Pursuant to the amended law, the amount of a shareholder's basis reduction in the stock of an S corporation, by reason of a charitable contribution made by the corporation, was equal to the shareholder's pro rata share of the adjusted basis of the contributed property. 84 This rule was applicable to contributions made in tax years beginning after December 31, 2005, and tax years beginning before January 1, 2015. 85 It has not been further extended.
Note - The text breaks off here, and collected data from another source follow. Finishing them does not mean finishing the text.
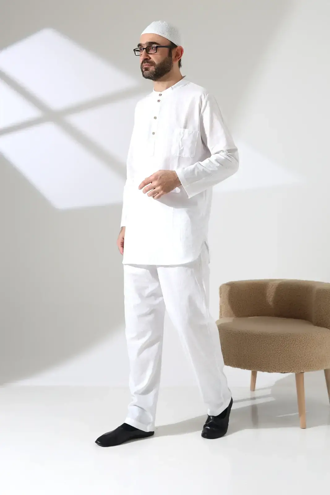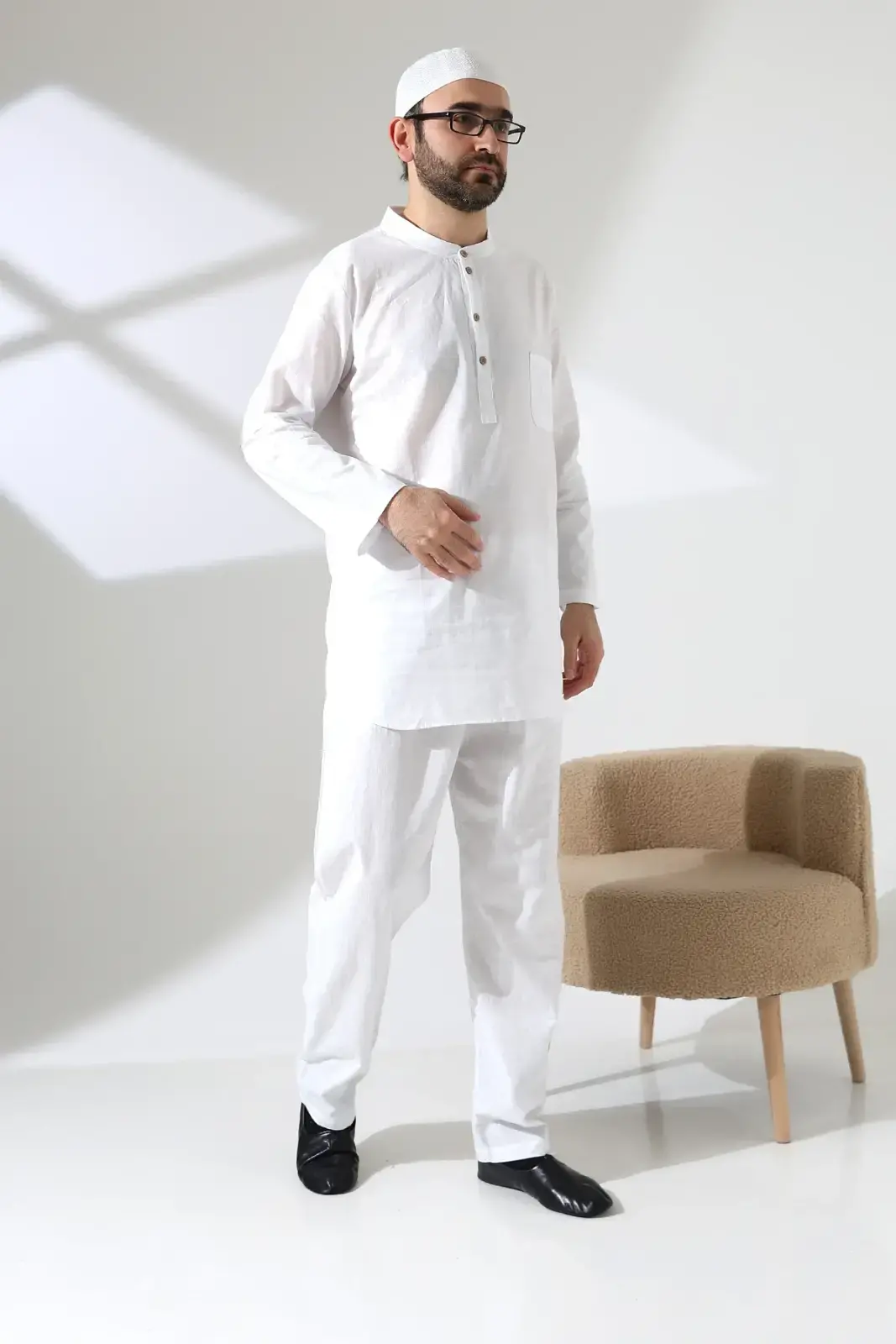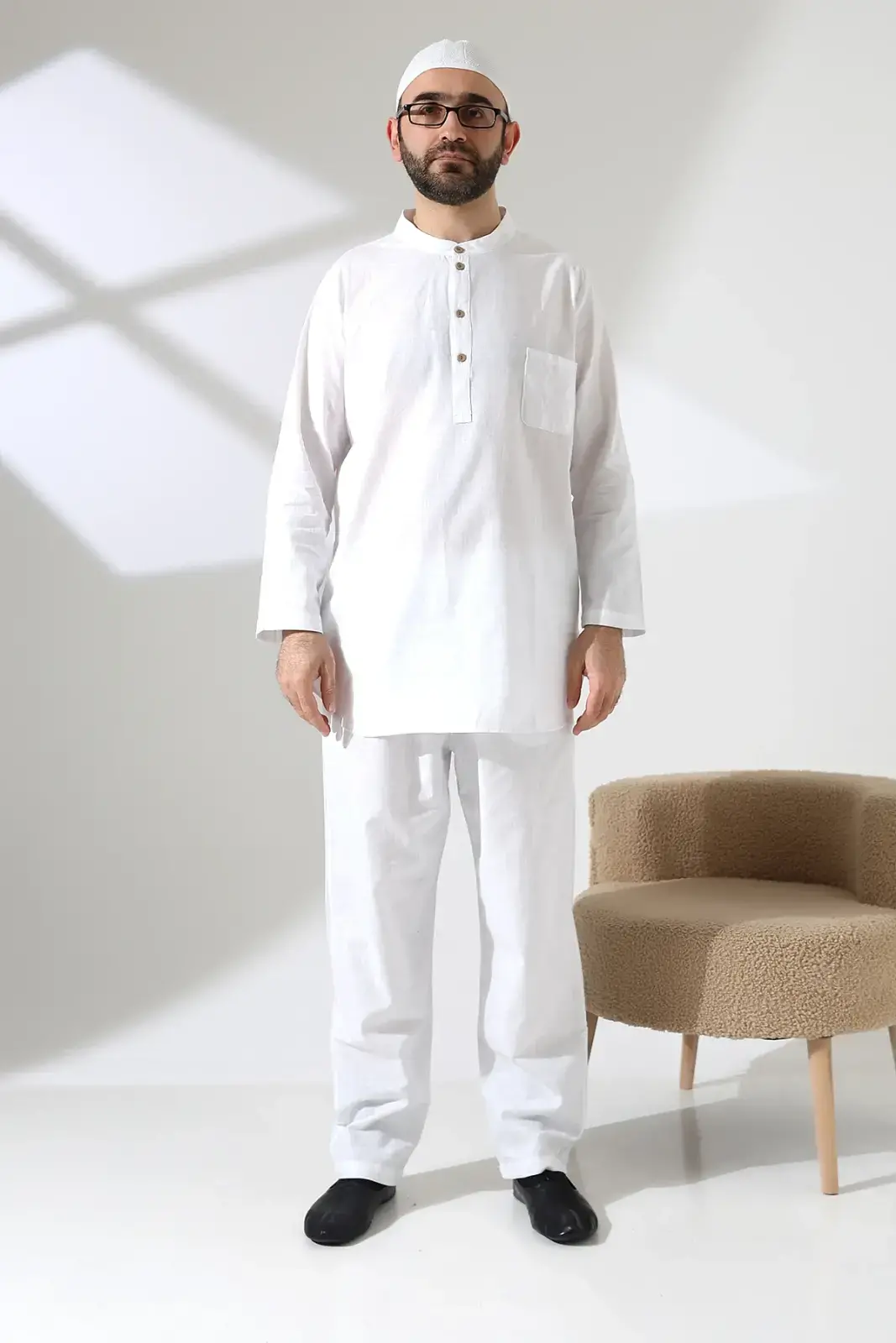 Hac, umre ve ibadetleriniz sırasında rahatlıkla kullanabileceğiniz bu takım, şık ve aynı zamanda sade tasarımıyla ibadetlerinizi huzur içinde gerçekleştirmenizi sağlar. Hafif ve nefes alabilir kumaşıyla hem uzun süreli kullanımda konfor sunar hem de günlük kullanıma uygundur.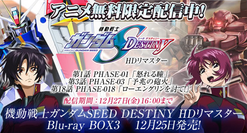 また、「機動戦士ガンダムSEED DESTINY HDリマスター」最新のBlu-ray BOX3は、バンダイビジュアルからいよいよ12月25日(水)に発売される。こちらもお見逃しなく。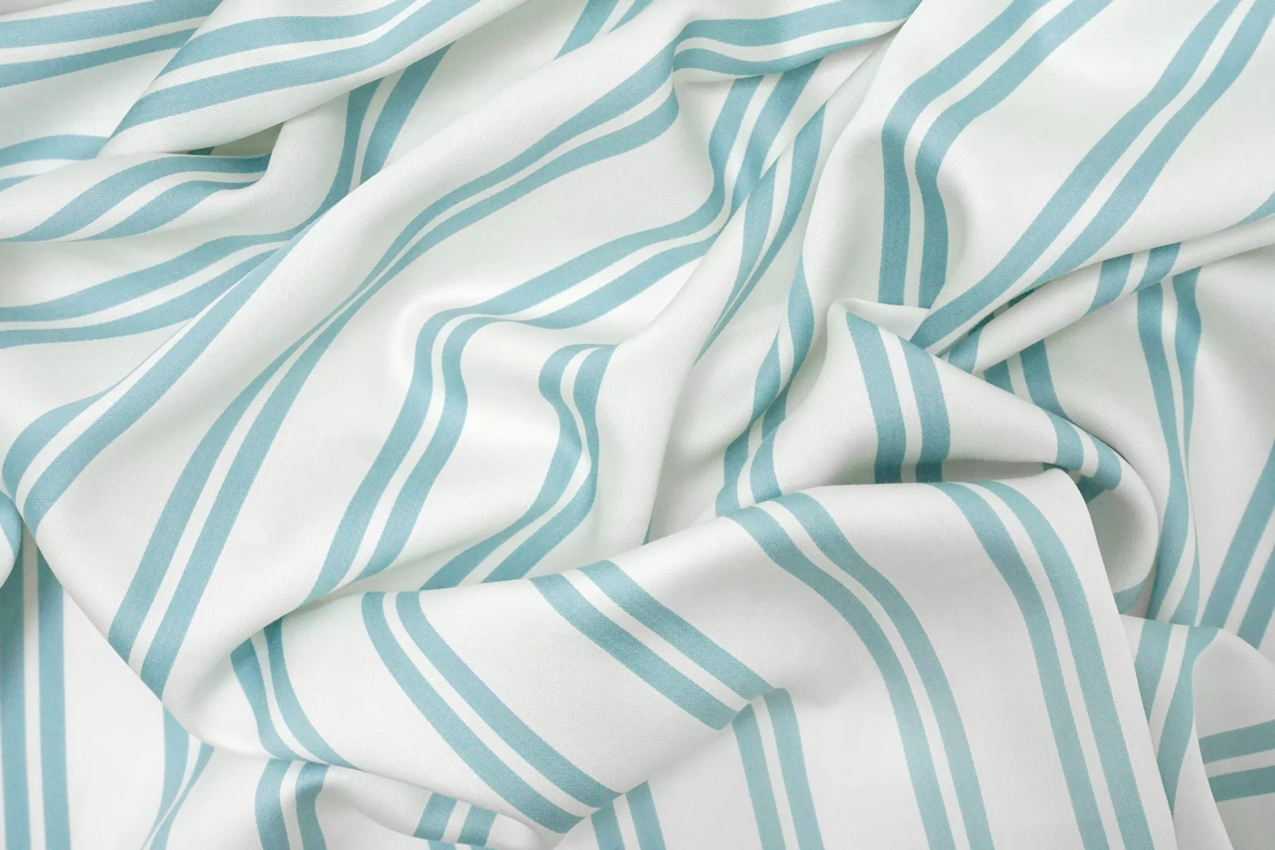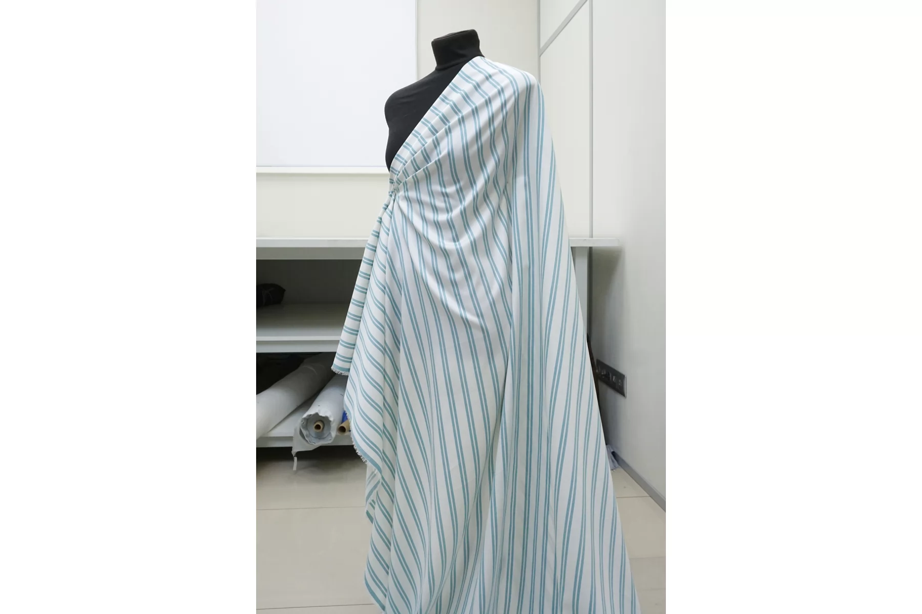 Итальянский хлопок с тенселем в полоску, сочетание белого и неяркого, мятно-голубого оттенка. Полоска расположена поперек кромки. Плетение сатиновое, но с очень лёгким лоском. Тонкая, пластичная, не тянется, немного просвечивает. Очень приятная тактильно, нежная. Подойдет для пошива платья, юбки, туники, блузки, рубашки. При работе с этой тканью советуем использовать тонкие иглы и нитки.

§ 4.18 CONTRIBUTIONS BY PARTNERSHIPS

The taxable income of a partnership generally is computed in the same manner as for individuals; however, the charitable contribution deduction is not allowed to the partnership. 86 Rather, each partner takes into account separately the partner's distributive share of the partnership's charitable contributions. 87

A partner's distributive share of charitable contributions made by a partnership during a tax year of the partnership is allowed as a charitable deduction on the partner's tax return for the partner's tax year within which the tax year of the partnership ends. 88 The aggregate of the partner's share of partnership contributions and the partner's own (directly made) contributions are subject to the various percentage limitations on annual deductibility. 89

Moreover, when a partnership makes a charitable contribution of property, the basis of each partner's interest in the partnership is decreased (but not below zero) by the amount of the partner's share of the partnership's basis in the property contributed. 90

The adjusted basis of a partner's interest in a partnership must be increased by the sum of the partner's distributive share for the tax year and prior tax years of the taxable income of the partnership, the income of the partnership that is exempt from tax, and the excess of the deductions for depletion over the basis of the property subject to depletion. 91 The adjusted basis of a partner's interest in a partnership must be decreased (but not below zero) by distributions by the partnership, as well as by the sum of the partner's distributive share for the tax year and prior tax years of the losses of the partnership and expenditures of the partnership that are not deductible in computing taxable income and not properly chargeable to a capital account. 92

The adjustments to the basis of a partner's interest in a partnership are necessary to prevent inappropriate or unintended benefits or detriments to the partners. Generally, the basis of a partner's interest in a partnership is adjusted to reflect the tax allocations of the partnership to that partner. This adjustment ensures that the income and loss of the partnership are taken into account by its partners only once. Also, adjustments must be made to reflect certain nontaxable events in the partnership. 93 For example, a partner's share of nontaxable income (such as exempt income) is added to the basis of the partner's interest because, absent a basis adjustment, the partner could recognize gain with respect to the tax-exempt income (such as on a sale or redemption of the partner's interest), and the benefit of the tax-exempt income would be lost to the partner. Likewise, a partner's share of nondeductible expenditures must be deducted from the partner's basis to prevent that amount from giving rise to a loss to the partner on a sale or redemption of the partner's interest in the partnership.